Po zakończeniu eksperymentu należy odpowiednio pozbyć się żelu i uruchomić bufor zgodnie z przepisami instytucji. Ponownie, pamiętaj, aby zawsze obchodzić się z żelem i buforami biegowymi za pomocą rękawiczek, aby uniknąć narażenia na bromek etydyny.,
teraz, gdy widziałeś, jak wykonać elektroforezę w żelu DNA. Przyjrzyjmy się kilku kolejnym aplikacjom i odmianom tej wysoce użytecznej metody.
tutaj widzisz wynik elektroforezy w żelu agarozowym po oddzieleniu produktów PCR. Fragmenty DNA załadowane do żelu są widoczne jako wyraźnie określone pasma. Standard DNA lub drabina powinny być oddzielone w stopniu pozwalającym na użyteczne określenie rozmiarów pasm próbek. W tym przykładzie fragmenty DNA 765 par zasad, 880 par zasad i 1022 par zasad są rozdzielone na 1.,5% żel agarozowy z drabiną 2-log DNA.

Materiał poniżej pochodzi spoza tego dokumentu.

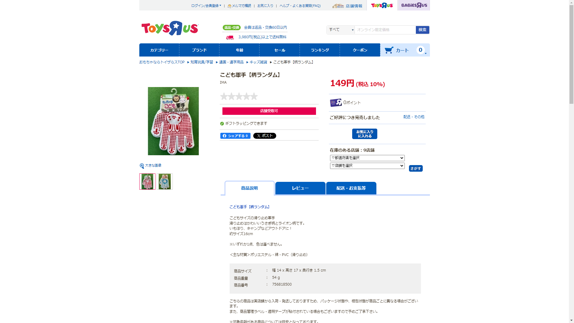 お調べしたところ現在、ベビーザらスではこども 軍手に関連する商品を買うことが可能です。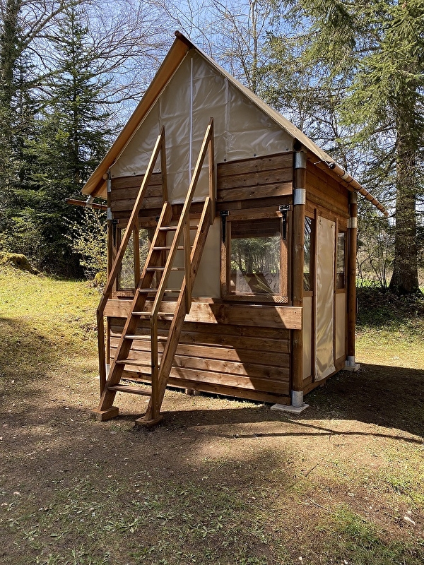 Nous possédons aussi 2 emplacements équipés de cabatentes bivouac : toile et bois composée en partie basse d'un espace pour manger et préparer vos repas (sans matériel), branchement électrique, éclairage. Vous trouverez en partie haute accessible par un escalier 2 couchages équipés de matelas. Location possible à la nuitée ou pour des séjours plus long.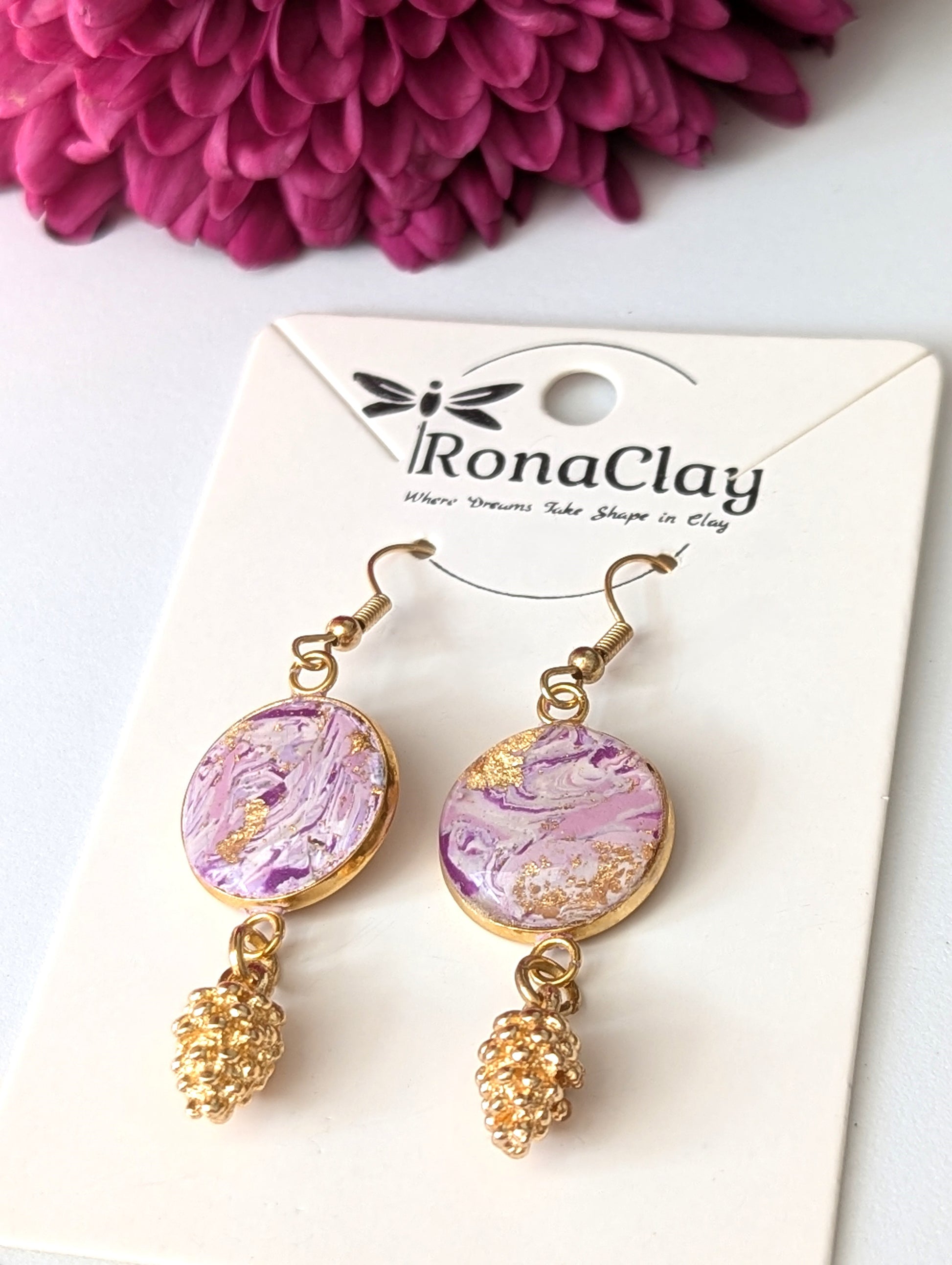 Marbled purple design with gold feather and Pinecone charms -Handmade Polymer Clay Earrings

oprócz potwierdzenia obecności interesującego fragmentu DNA, elektroforezę żelu DNA można łączyć z procedurami oczyszczania żelu. Zazwyczaj ostrze żyletki jest używany do wycięcia fragmentu DNA zainteresowania, tak, że można go pobrać i próbki DNA w nim odzyskane.,
Elektrofeza w żelu agarozowym może być również łączona z transfer blotting, który polega na umożliwieniu DNA lub RNA przeniesienia do błony celulozowej, gdzie sondy radioaktywne mogą być używane do identyfikacji określonych sekwencji DNA lub RNA w elektroforetycznie oddzielonej próbce.
Standardowa elektroforeza żelowa DNA nie jest idealna do rozdzielania DNA o dużej masie cząsteczkowej większej niż 15-20 kb, podobnie jak genomowe DNA. Aby oddzielić duże próbki DNA, stosuje się elektroforezę pola impulsowego, która polega na poddaniu żelu zmieniającemu się lub pulsującemu polowi elektrycznemu w różnych kierunkach., Technika ta polega na specjalistycznym urządzeniu do biegania żelu, który ma pary elektrod ułożonych w różnych kierunkach wokół żelu. Można to wykorzystać do wykrycia różnic w rozmiarach genomu między populacjami organizmów, takich jak zbiorcze próbki DNA z różnych społeczności mikrobiologicznych, które są pobierane z różnych środowisk jeziornych.
właśnie zobaczyłeś wprowadzenie do elektroforezy żelu DNA., Pokazaliśmy koncepcję metody, jak przygotować żel agarozowy, jak załadować próbki, jak uruchomić żel i przeanalizować go oraz niektóre typowe zastosowania elektroforezy w żelu agarozowym. Dzięki za oglądanie i powodzenia w prowadzeniu żelu.